March 15, 2009, 6:03 am CDT

I ABSOLUTELY AGREE

Quote From: renophil

I want to say up front that I do not condone abuse of any kind. That having been said...

One of the unfortunate side effects of a high profile abuse case like on todays show, is a jump in women filing fake abuse reports.

With a high profile case comes more "education" campaigns on abusive relationships. And while this does help some, other women see the chance to file false reports against their partners. This is done to help in a divorce case, to gain favor in child custody cases and other dumb reasons.

So watch out, the cases of false abuse claims are going to spike in 2009!

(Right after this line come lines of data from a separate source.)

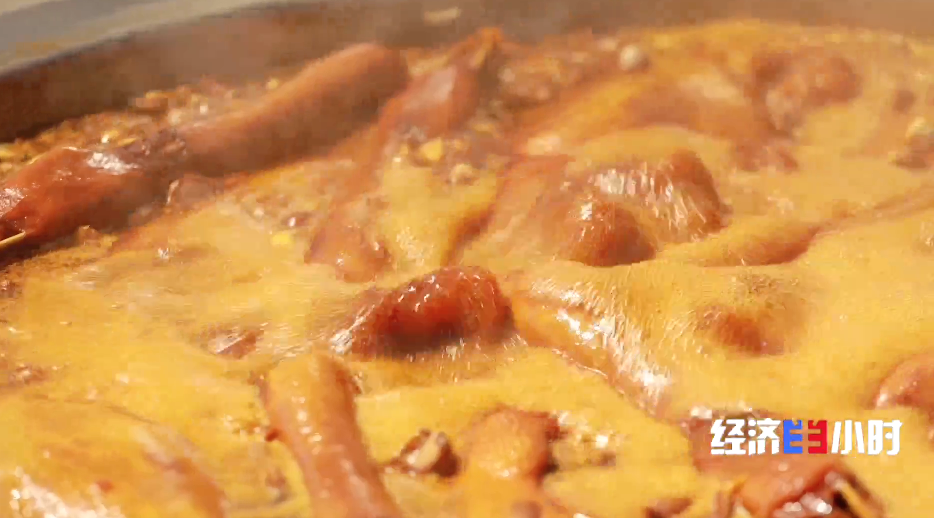 大火卤煮,长达一个多小时的沸腾,使鹅的皮下脂肪与卤汤充分混合,卤汤也渗入厚实的鹅肉之中。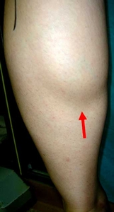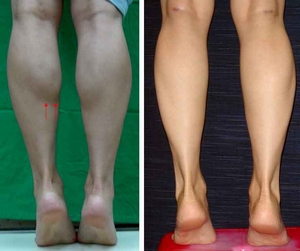 (1) 腓腸肌踮腳尖移動距離較大者: 此種消費者容易有肌突點!! <如下圖>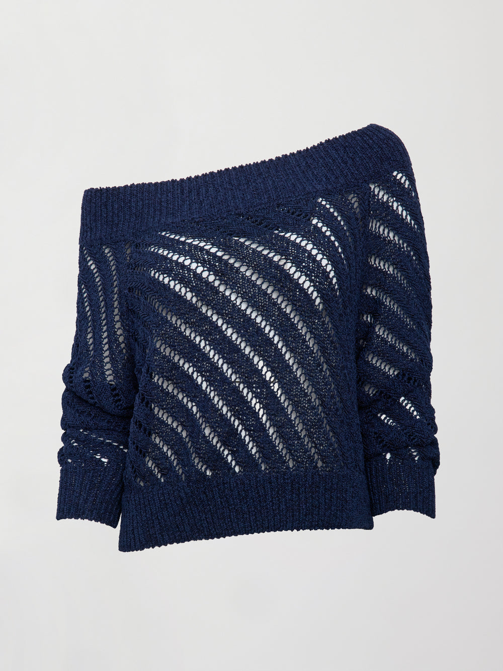 Model wears a navy off shoulder mesh cardigan with diagonal pattern.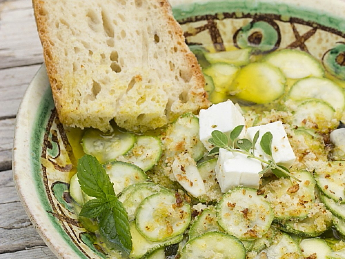 zucchine crude affettate sottili e marinate in olio aceto ed erbe aromatiche. Le dosi sono a piacere e il condimento prevede quantità di aceto e aglio secondo i propri gusti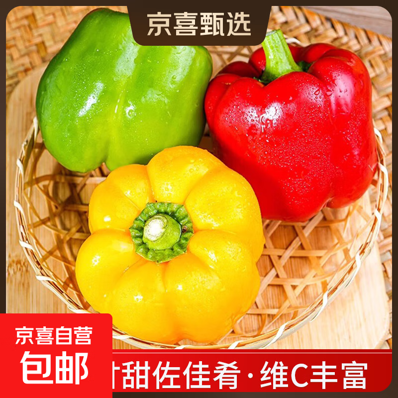 新鲜彩椒五彩椒当季现摘圆椒绿青椒灯笼甜椒新鲜蔬菜产地直发 三色彩椒净重1.8斤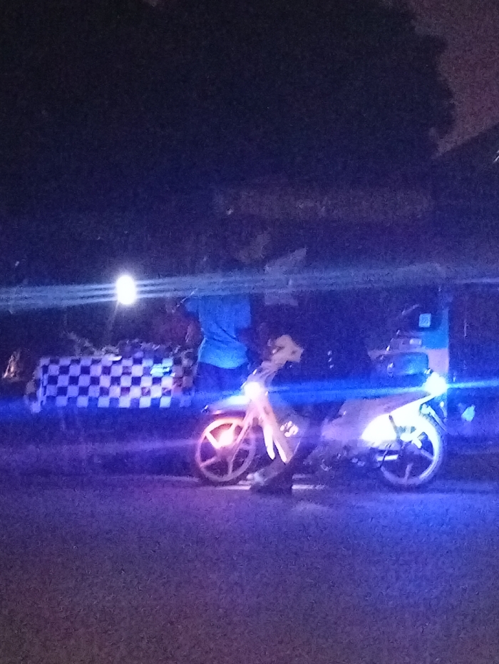 A brightly lit motorcycle is parked on the side of a road at night. A person stands nearby, possibly interacting with a table or food stand covered in a black-and-white checkered cloth. The scene is illuminated by the motorcycle's lights, which appear to be blue and orange, and a nearby streetlight. The background is dark, suggesting it is nighttime.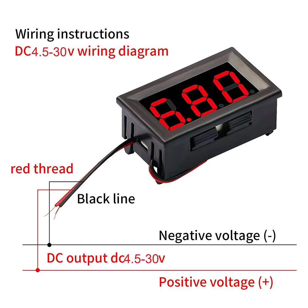 30 В-это максимальное рабочее ограниченное напряжение вольтметра, пожалуйста, оставьте достаточный запас при работе, чтобы избежать постоянного повреждения вольтметра из-за электрической искры, пульсации источника питания, или другие слишком высокие резкие изменения напряжения.
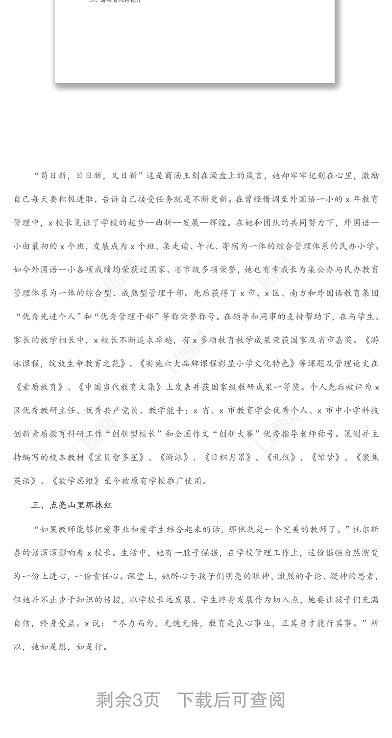 工圖網(wǎng)提供學(xué)校校長先進(jìn)事跡材料(1)供會(huì)員免費(fèi)下載。更多精彩黨課PPT素材,盡在工圖網(wǎng)。

Being a survior of 6 years of extreme domestic violence and in additiion, raped at the ages of 13 and 24, my motto has alwasys been:

 

 

                                        MEN and/or WOMEN WHO KNOWINGLY ACCUSE an INNOCENT MAN or WOMAN                                                                           of A VIOLENT ACT

                                                     DEGRADES EVERYONE OF US WHO HAVE BEEN.

 

Boy, you just touched a nerve.

 
March 16, 2009, 11:00 am CDT

Disagree!!

Although I wholeheartedly condone the show on domestic violence, I have to disagree with the message.  I absolutely do NOT agree with Dr. Phil saying that those that are abused have a damaged personal truth.  Also when Dr. Phil said that we generate the results we think we deserve is completely incorrect.  As a survivor of domestic violence, I have been astonished by the many misconceptions still running rampant.  Unfortunately all too often, an abuse victim hears that it is always their fault.  Dr. Phil's message on the show concurs this.  I would love to see him address the fact that many abusers have sociopathic tendencies.  How in the world is a victim supposed to handle someone of this nature? 

 

The show just confirmed my reasoning for writing about domestic violence.  I have already written a book, Bound by Hatred, about being in an abusive relationship but I felt even more compelled to write about the aftermath.  Leaving is not an end all and reform is crucial.  Unfortunately, there are often children involved and this causes serious problems in a victim being able to move on.  The children are often used as a power play by the abuser.  Therefore I am currently writing a sequel to address this very issue.  When will there ever be a show specifically addressing abusers and why they do what they do?? 

 

I do applaud the attention Dr. Phil has given to domestic violence but I would like to see the appropriate message communicated.  Thank you.